Hybrid cloud demands new tools for performance monitoring

Platforms that draw performance data from multiple devices on multiple networks will make for better hybrid-cloud performance and troubleshooting.

spot nww primary hybridcloud 2400x1600 6

Credit: Frame Stock Footage / Shutterstock

Network performance monitoring has become more complex now that companies have more workloads in the cloud, and network teams are finding visibility into the cloud isn’t on par with what they have into their on-prem resources.
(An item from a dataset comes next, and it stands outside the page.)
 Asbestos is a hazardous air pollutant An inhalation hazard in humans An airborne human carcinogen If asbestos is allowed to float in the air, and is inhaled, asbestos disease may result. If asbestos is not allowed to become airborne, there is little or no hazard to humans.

Migration to the cloud introduced infrastructure that isn’t owned by the organization, and a pandemic-driven surge in remote work is accelerating the shift to the cloud and an associated increase in off-premises environments. Container-based applications deployed on cloud-native architectures further complicate network visibility. For these reasons and more, enterprises need tools that can monitor not only the data center and WAN but also the internet, SaaS applications and multiple providers’ public cloud operations.

“Only 36% of network operations professionals believe that their network management tools are as good at managing cloud networks as they are at managing on-prem networks,” says Shamus McGillicuddy, a vice president of research at Enterprise Management Associates (EMA). “At the same time, the average enterprise can attribute about 40% of its network traffic to the cloud at this point. So that’s a huge disadvantage.”
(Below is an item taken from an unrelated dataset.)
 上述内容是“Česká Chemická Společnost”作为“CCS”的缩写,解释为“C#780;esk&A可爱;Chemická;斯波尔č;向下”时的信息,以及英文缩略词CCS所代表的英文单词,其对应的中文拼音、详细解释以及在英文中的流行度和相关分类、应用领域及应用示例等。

How did these visibility gaps arise? Network teams were often on the sidelines as enterprises began deploying workloads to the cloud.

“One of the problems is that the network infrastructure team doesn’t always have the same authority over the cloud environment as it does over the on-prem network,” McGillicuddy says. “A lot of times the cloud adoption was led by an application team or a line of business, and they looked at the cloud as an alternative to IT, not necessarily an extension of it,” he says.

“The teams that do have more authority in the cloud don’t always think it’s important to have network monitoring. They’re more interested in application performance monitoring,” McGillicuddy says. “They don’t see the point in devoting their budget to stuff that they consider to be like old-world infrastructure monitoring.”

How companies view the role of network engineers in the cloud makes all the difference, says Dan Rohan, product manager at network visibility and performance management vendor Kentik.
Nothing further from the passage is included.